Data for the task —
==============================

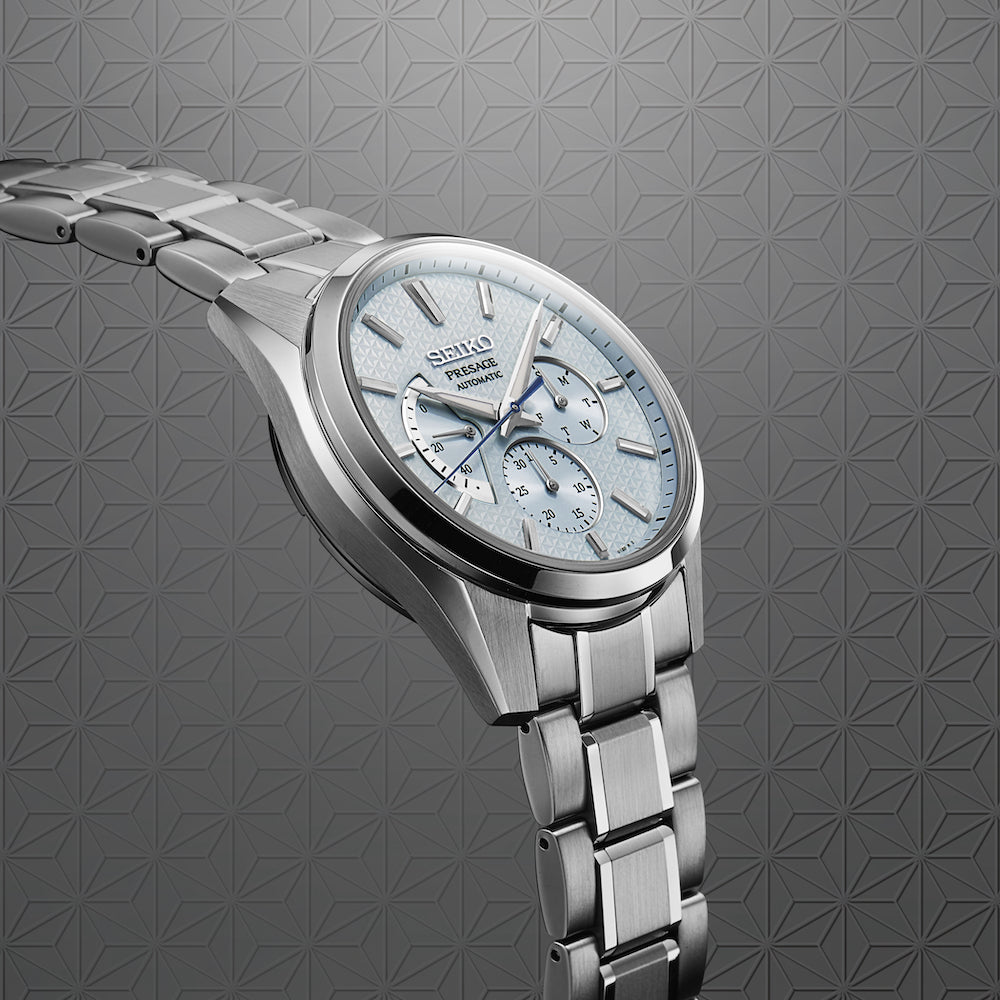 The dials on Presage Sharp Edged timepieces feature a traditional Japanese pattern designed to bring growth and success. This angular ancient hemp print has been seen in Japanese artisan objects since the Heian period (794-1185) and features on textiles and interior styles.
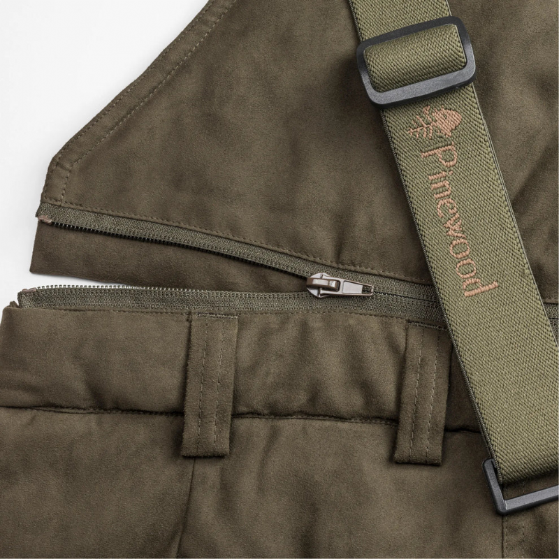 Uživajte u hladnim zimskim danima s lovačkim hlačama Pinewood Småland/Abisko 2.0. Podstavljene za dodatnu udobnost i toplinu. Membrana otporna na vjetar i vodu. Odvojive naramenice.
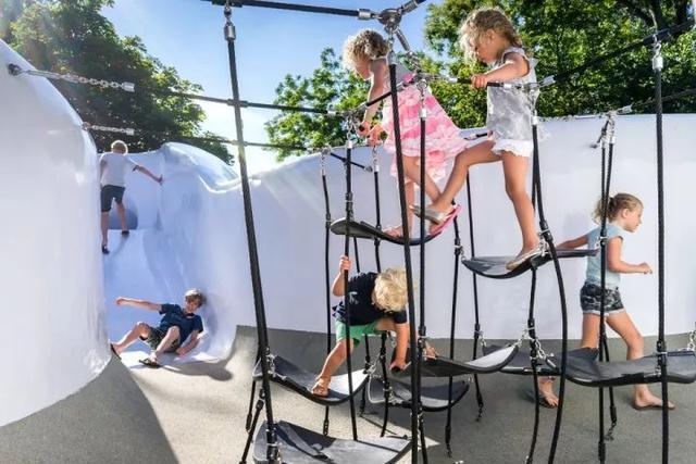 为了设计出既有吸引力的,又能满足游人闲游驻足需要的景观装置,设计师创造出一种有机的结构来满足更多游戏功能。儿童可以在装置中攀爬,以及吊挂滑行。然而这些游戏方式并不是显而易见的,它需要等待孩子们去发掘,并体会这种发现与探索的乐趣。
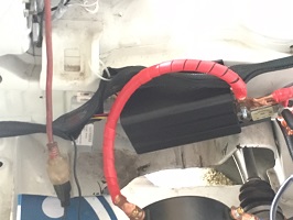 The cables to tie the batteries together was some 4/0 I got on sale on Princess Auto March 2, 2016. There was a scrap piece so I made an offer and they took it. I used most of the copper on the 4/0 and stuffed it into the standard post terminals. I lock-tited the threads on the clamp and then painted the black with some brush-on electrical tape. I plan to get some red and then do all the connections on the front of the car once I have the fittings I want to use in place and torqued up.
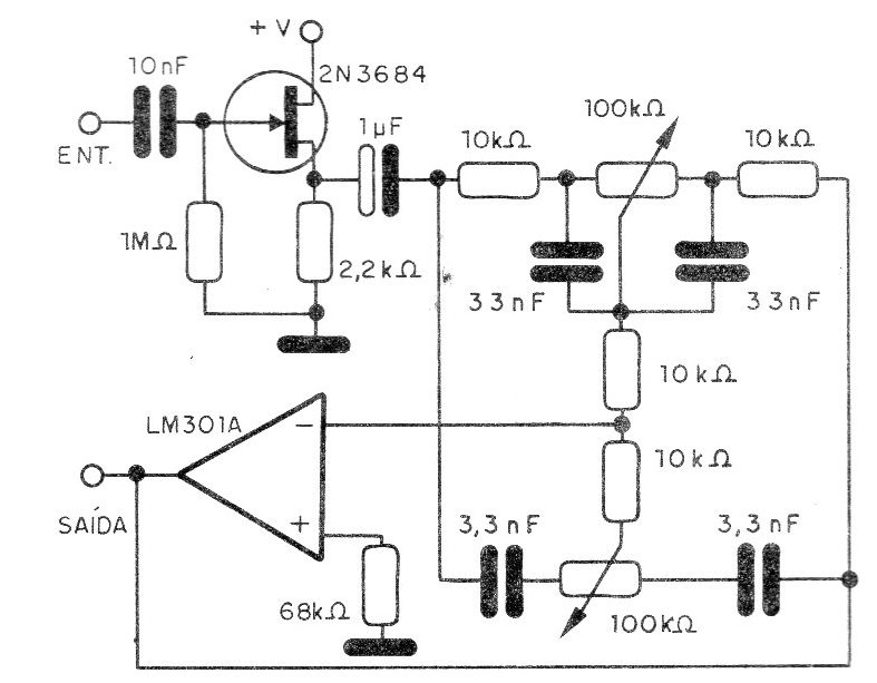 This circuit, suggested by National Semiconductor, is a tone control (bass and treble) with high input impedance and is based on a FET and an operational amplifier. In the figure we have the complete diagram of the device, which uses linear potentiometers of 100k ohms. The field effect transistor admits equivalent, and one of the most important characteristics of the circuit is the low noise.

==============================

Task directions — Please output the listing above exactly from its first line through the line with "The cables to", both included, and nothing beyond that line. Omit pictures.

Task response —
 The dials on Presage Sharp Edged timepieces feature a traditional Japanese pattern designed to bring growth and success. This angular ancient hemp print has been seen in Japanese artisan objects since the Heian period (794-1185) and features on textiles and interior styles.
 Uživajte u hladnim zimskim danima s lovačkim hlačama Pinewood Småland/Abisko 2.0. Podstavljene za dodatnu udobnost i toplinu. Membrana otporna na vjetar i vodu. Odvojive naramenice.
 为了设计出既有吸引力的,又能满足游人闲游驻足需要的景观装置,设计师创造出一种有机的结构来满足更多游戏功能。儿童可以在装置中攀爬,以及吊挂滑行。然而这些游戏方式并不是显而易见的,它需要等待孩子们去发掘,并体会这种发现与探索的乐趣。
 The cables to tie the batteries together was some 4/0 I got on sale on Princess Auto March 2, 2016. There was a scrap piece so I made an offer and they took it. I used most of the copper on the 4/0 and stuffed it into the standard post terminals. I lock-tited the threads on the clamp and then painted the black with some brush-on electrical tape. I plan to get some red and then do all the connections on the front of the car once I have the fittings I want to use in place and torqued up.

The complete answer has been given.